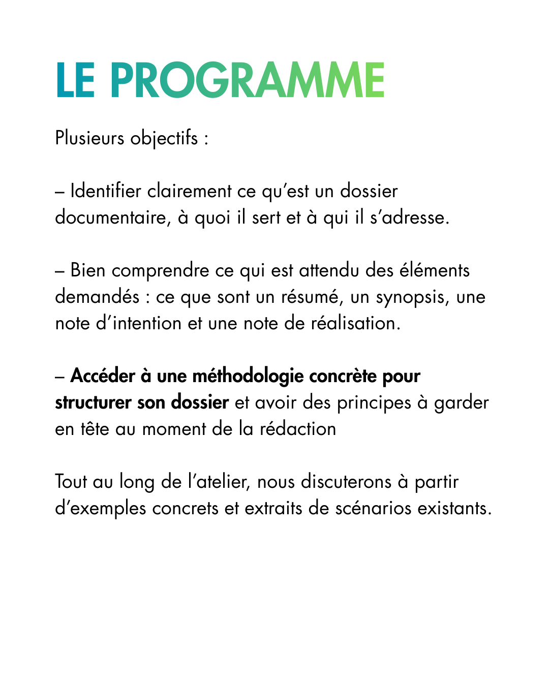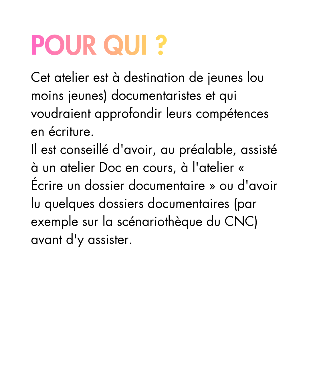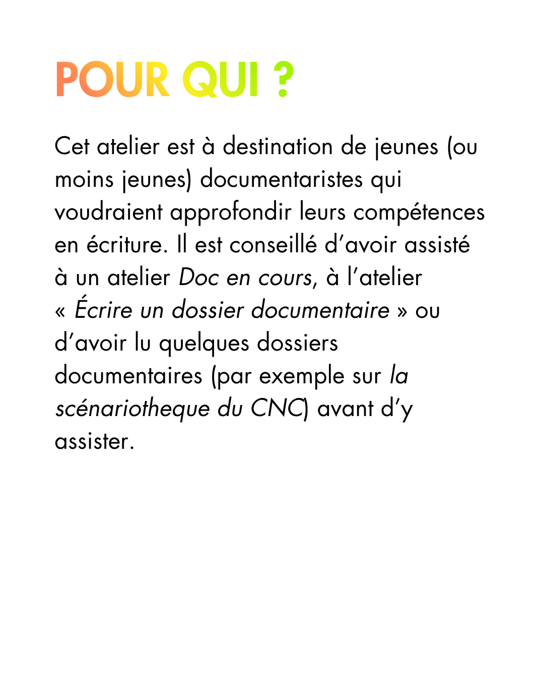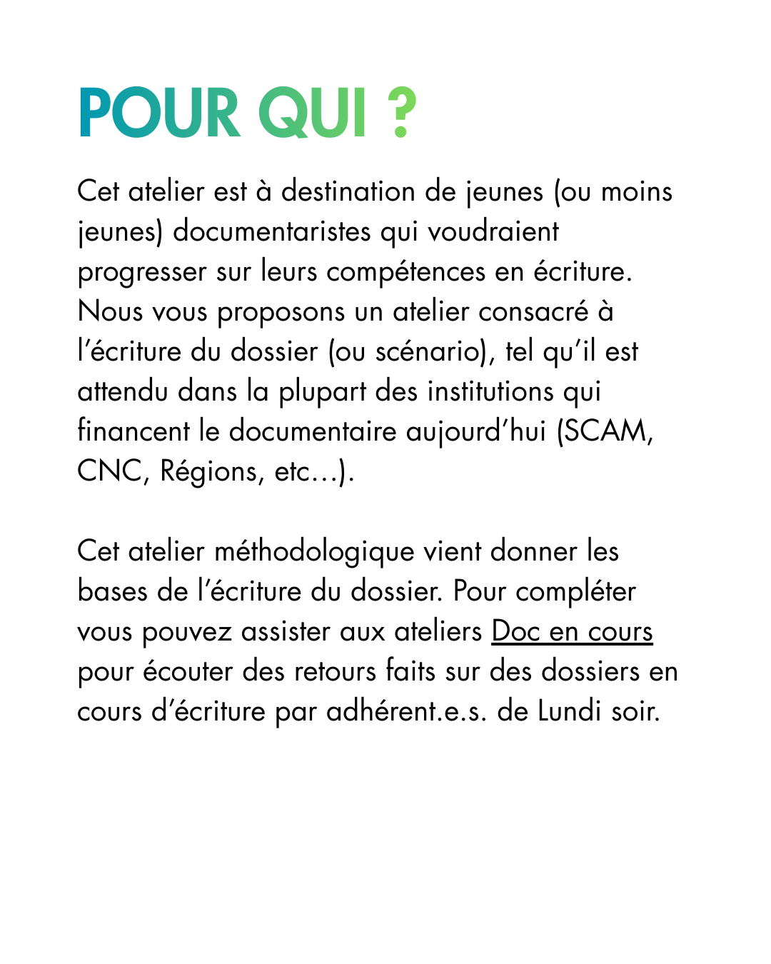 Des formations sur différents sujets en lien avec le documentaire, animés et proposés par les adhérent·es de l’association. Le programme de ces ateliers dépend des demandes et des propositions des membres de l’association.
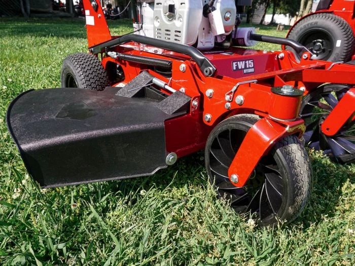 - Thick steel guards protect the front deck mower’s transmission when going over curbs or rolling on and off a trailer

--

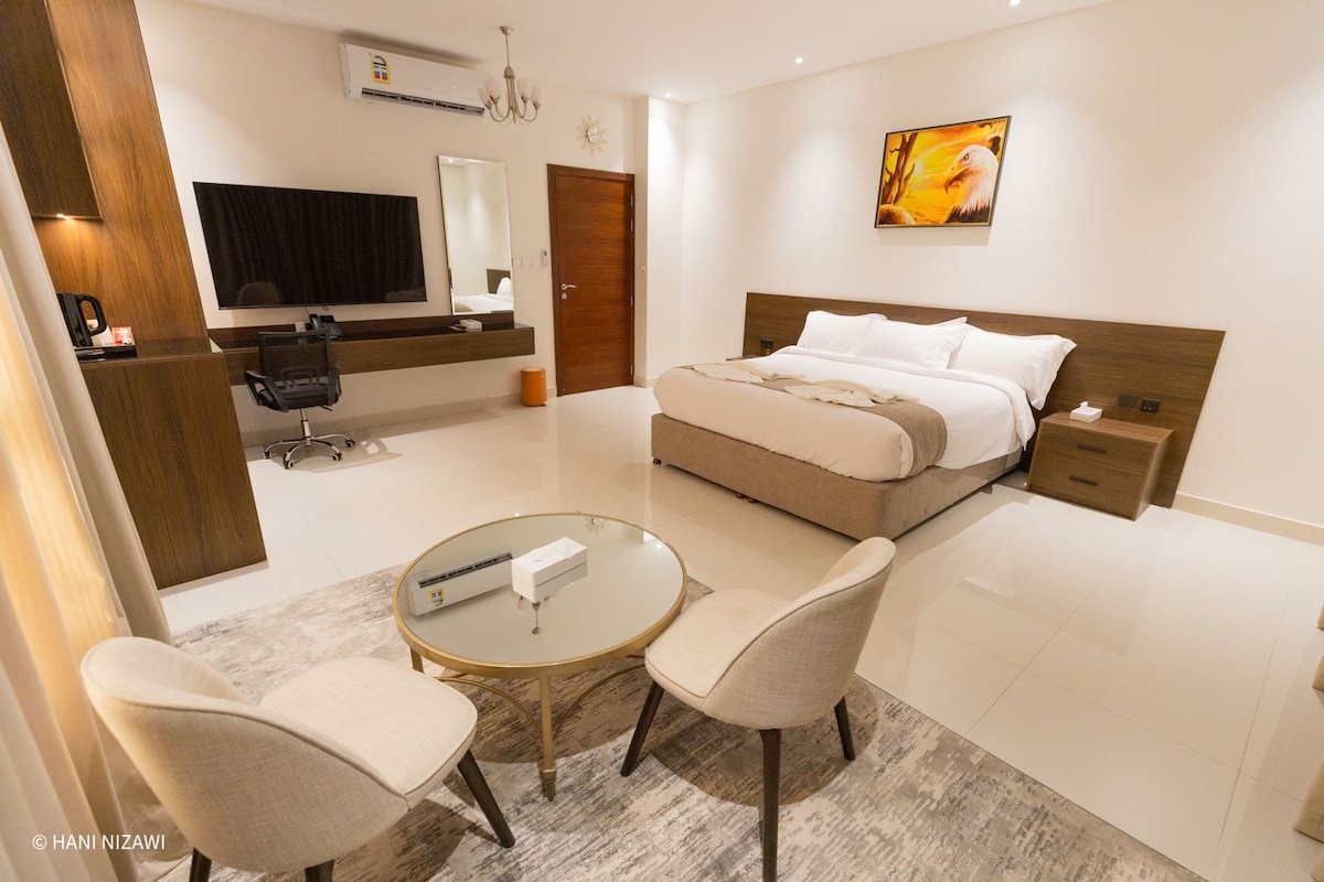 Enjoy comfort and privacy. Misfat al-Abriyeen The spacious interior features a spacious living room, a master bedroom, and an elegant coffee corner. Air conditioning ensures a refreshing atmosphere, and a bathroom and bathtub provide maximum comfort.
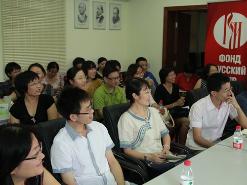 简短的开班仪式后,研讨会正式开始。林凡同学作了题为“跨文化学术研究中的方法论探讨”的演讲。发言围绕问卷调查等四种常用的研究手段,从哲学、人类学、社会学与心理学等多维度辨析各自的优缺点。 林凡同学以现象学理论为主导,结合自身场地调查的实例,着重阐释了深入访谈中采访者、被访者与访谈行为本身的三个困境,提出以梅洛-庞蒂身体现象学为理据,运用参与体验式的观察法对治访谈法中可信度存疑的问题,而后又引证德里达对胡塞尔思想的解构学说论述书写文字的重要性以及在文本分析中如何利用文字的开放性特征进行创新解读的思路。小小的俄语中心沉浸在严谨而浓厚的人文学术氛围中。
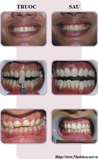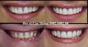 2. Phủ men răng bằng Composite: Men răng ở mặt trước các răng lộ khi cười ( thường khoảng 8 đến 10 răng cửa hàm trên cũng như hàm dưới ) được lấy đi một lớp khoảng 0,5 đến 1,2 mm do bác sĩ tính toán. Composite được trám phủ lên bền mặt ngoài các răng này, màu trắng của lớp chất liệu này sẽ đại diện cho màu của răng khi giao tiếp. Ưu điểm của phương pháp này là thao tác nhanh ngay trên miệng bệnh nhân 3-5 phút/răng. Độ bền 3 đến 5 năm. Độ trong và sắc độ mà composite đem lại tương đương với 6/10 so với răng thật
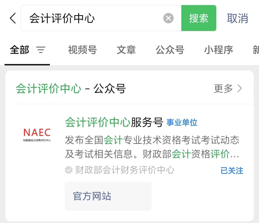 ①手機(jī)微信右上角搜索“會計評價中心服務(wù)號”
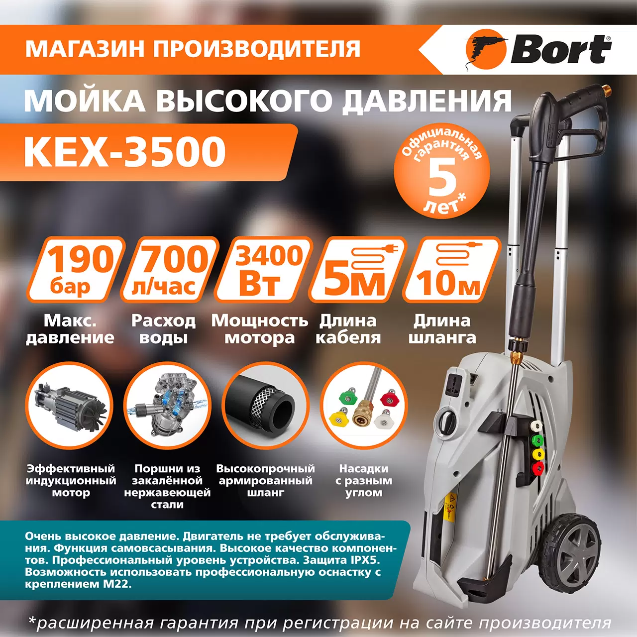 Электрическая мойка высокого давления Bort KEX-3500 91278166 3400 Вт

==

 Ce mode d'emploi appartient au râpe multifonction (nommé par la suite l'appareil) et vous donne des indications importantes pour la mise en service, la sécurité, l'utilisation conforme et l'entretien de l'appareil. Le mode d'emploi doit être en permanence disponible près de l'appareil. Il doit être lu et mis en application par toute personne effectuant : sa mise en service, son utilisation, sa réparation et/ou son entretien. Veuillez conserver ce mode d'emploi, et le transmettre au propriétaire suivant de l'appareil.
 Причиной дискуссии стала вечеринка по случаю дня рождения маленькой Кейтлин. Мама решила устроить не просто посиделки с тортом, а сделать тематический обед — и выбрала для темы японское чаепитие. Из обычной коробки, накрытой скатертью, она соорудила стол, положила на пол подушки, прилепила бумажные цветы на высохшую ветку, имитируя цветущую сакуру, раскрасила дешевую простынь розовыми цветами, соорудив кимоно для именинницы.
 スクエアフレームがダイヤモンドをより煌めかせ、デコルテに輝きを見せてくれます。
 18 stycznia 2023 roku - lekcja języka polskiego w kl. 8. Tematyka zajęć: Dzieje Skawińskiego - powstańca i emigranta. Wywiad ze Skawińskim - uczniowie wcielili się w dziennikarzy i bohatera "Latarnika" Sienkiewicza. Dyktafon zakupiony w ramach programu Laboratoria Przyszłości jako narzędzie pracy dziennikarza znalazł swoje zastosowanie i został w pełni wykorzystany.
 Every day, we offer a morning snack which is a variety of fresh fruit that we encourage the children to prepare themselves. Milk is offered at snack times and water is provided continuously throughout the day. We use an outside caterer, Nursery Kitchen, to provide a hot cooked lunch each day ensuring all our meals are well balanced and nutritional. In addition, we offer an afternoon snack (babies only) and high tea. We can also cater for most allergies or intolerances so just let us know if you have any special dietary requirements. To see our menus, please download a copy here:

Description of the task: In the data above, find the line with "Des formations sur" and the line with "- Thick steel". Please copy exactly those two lines and every line between them, but not the pictures.

Your response:
 Des formations sur différents sujets en lien avec le documentaire, animés et proposés par les adhérent·es de l’association. Le programme de ces ateliers dépend des demandes et des propositions des membres de l’association.
 - Thick steel guards protect the front deck mower’s transmission when going over curbs or rolling on and off a trailer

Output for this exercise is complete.